Yanagihara (The People in the Trees, 2013) takes the still-bold leap of writing about characters who don’t share her background; in addition to being male, JB is African-American, Malcolm has a black father and white mother, Willem is white, and “Jude’s race was undetermined”—deserted at birth, he was raised in a monastery and had an unspeakably traumatic childhood that’s revealed slowly over the course of the book. Two of them are gay, one straight and one bisexual. There isn’t a single significant female character, and for a long novel, there isn’t much plot.
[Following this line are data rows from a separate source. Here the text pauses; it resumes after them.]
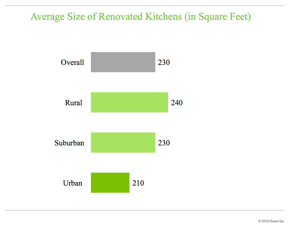 Size. Overall, the average size of a renovated kitchen was 230 square feet, the study found, but size varies by location. Owners of urban homes reported the smallest kitchens (210 square feet, on average), while owners of rural homes reported the largest (240 square feet). More homeowners (40 percent) reported increasing the size of their kitchens during renovation than did homeowners in the surveys for 2015-16 (36 percent) and 2016-17 (37 percent).
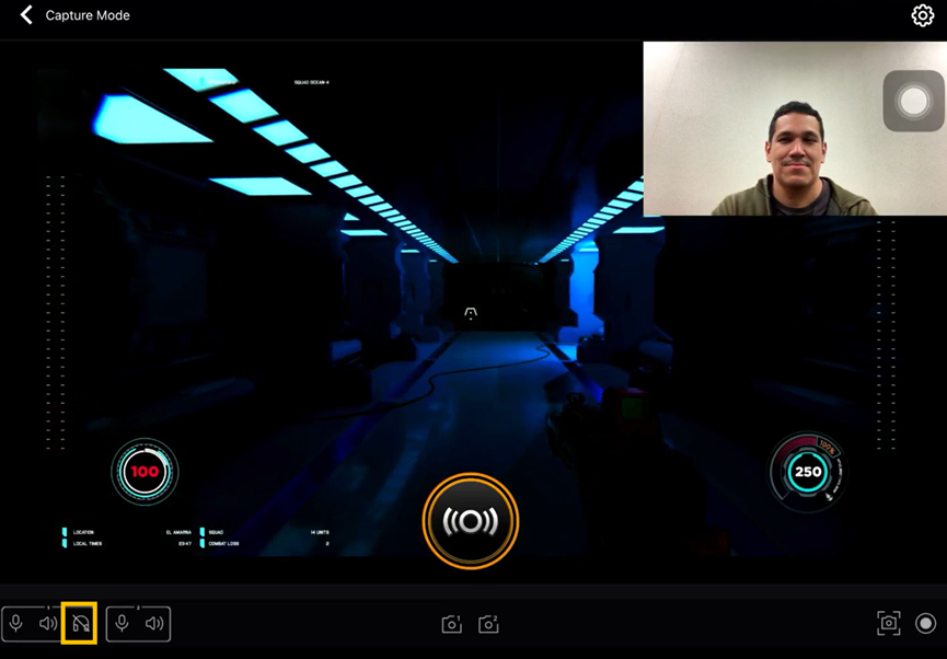 - Enable sound monitoring via the headset icon.
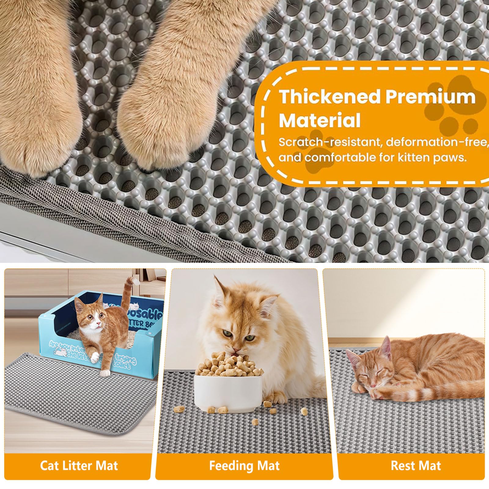 • Asoway Katzenklo Matte 80x60cm - Doppelschicht Waben Design Wasserdicht & Rutschfest
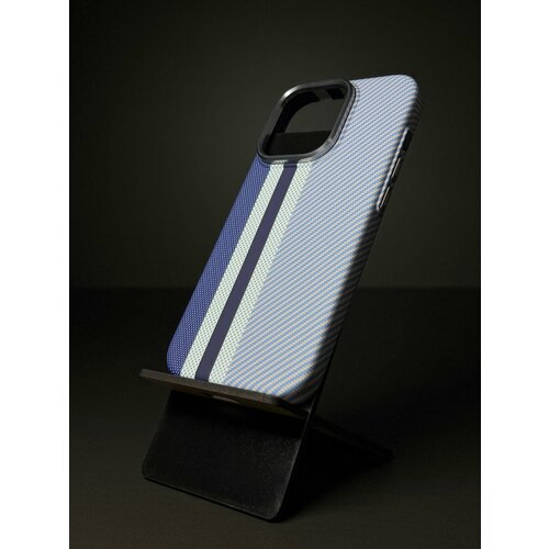 Чехол для Айфон 15 Про с МагСейф из Кевлара / Case 15 Pro с MagSafe Kevlar LUXO, Синий с полосой, карбоновый
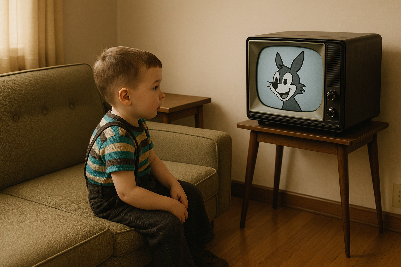 And so. Saturday morning television. The children’s time with cartoons like Woody the Woodpecker, Donald Duck, Yosemite Sam, and Tom and Jerry. Also, dramas. Roy Rogers, Captain Midnight, Sky King. Captain Renfrew of the Royal Canadian Mounted Police and his dog, Lightening, Tarzan, and the Cisco Kid.
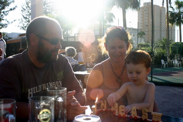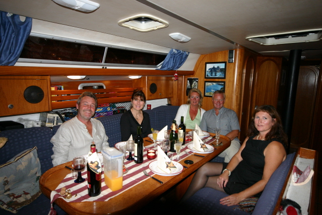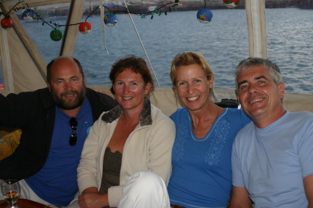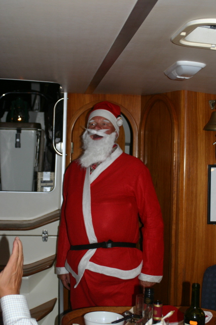 Julenisse ble det også utpå kvelden. Vi hadde en syv år gammel jente i en annen norsk seilbåt her i marinaen som var så bekymret for at nissen sikkert ikke ville finne henne siden hun var så langt hjemmefra, og så kom nissen allikevel. Der stod gleden i taket og hun var helt overbevist om at det var den virkelige nissen for hun kunne ikke se noe strikk som holdt sjegget på plass!
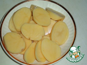 Картофель почистить, нарезать пластинками толщиной в 1 см.
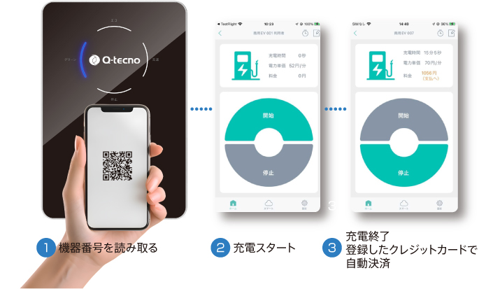 スマートフォンで簡単にEV充電器の利⽤料⾦を課⾦決済できる機能を搭載
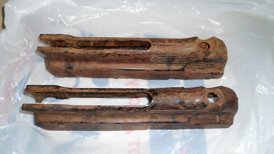 Обломки прикладов МП. 1000 рублей. Жбонь к 98. 300. Жбонь разная (низы приемников, рычаги...) любая железка - 300 рублей. Рога Стг. Нижний мятый. Любой 1000.
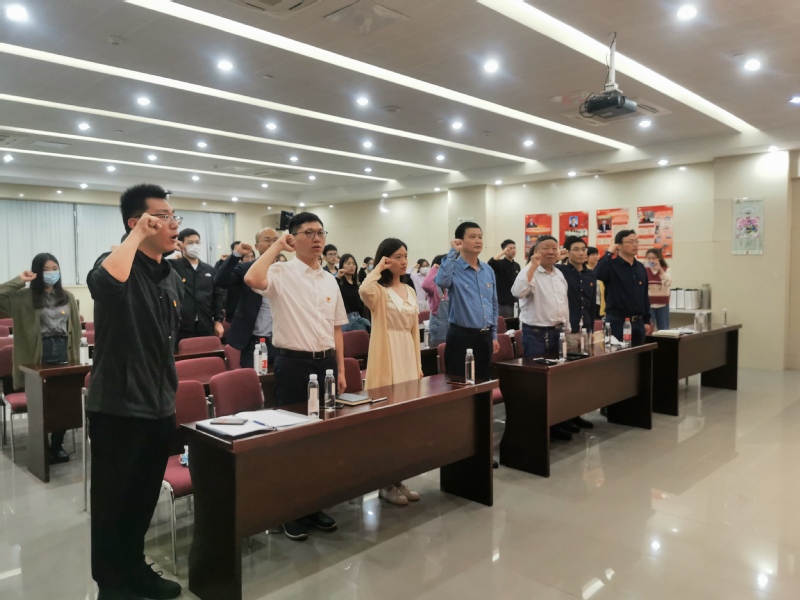 报告后,在苏州革命博物馆报告厅中,大家面对鲜红的党旗,在本科生第六党支部书记季存森老师的领誓下重温入党誓词,“我志愿加入中国共产党,拥护党的纲领,遵守党的章程……”铿锵的宣誓、庄严的承诺,让大家再次回到人生第一次入党宣誓那一刻,唤起了每个人对党神圣纯洁的那颗初心。
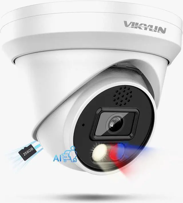 VIKYLIN 4K 8MP PoE IP Dome Camera Active Deterrence (red/Blue LED, Siren), 98ft Night Color Vision F1.0, MicroSD 256GB, 2-Way Audio, Blue Iris, NDAA Compliant

There aren’t even many markers of what’s happening in the outside world; Jude moves to a loft in SoHo as a young man, but we don’t see the neighborhood change from gritty artists’ enclave to glitzy tourist destination. What we get instead is an intensely interior look at the friends’ psyches and relationships, and it’s utterly enthralling. The four men think about work and creativity and success and failure; they cook for each other, compete with each other and jostle for each other’s affection. JB bases his entire artistic career on painting portraits of his friends, while Malcolm takes care of them by designing their apartments and houses. When Jude, as an adult, is adopted by his favorite Harvard law professor, his friends join him for Thanksgiving in Cambridge every year. And when Willem becomes a movie star, they all bask in his glow. Eventually, the tone darkens and the story narrows to focus on Jude as the pain of his past cuts deep into his carefully constructed life.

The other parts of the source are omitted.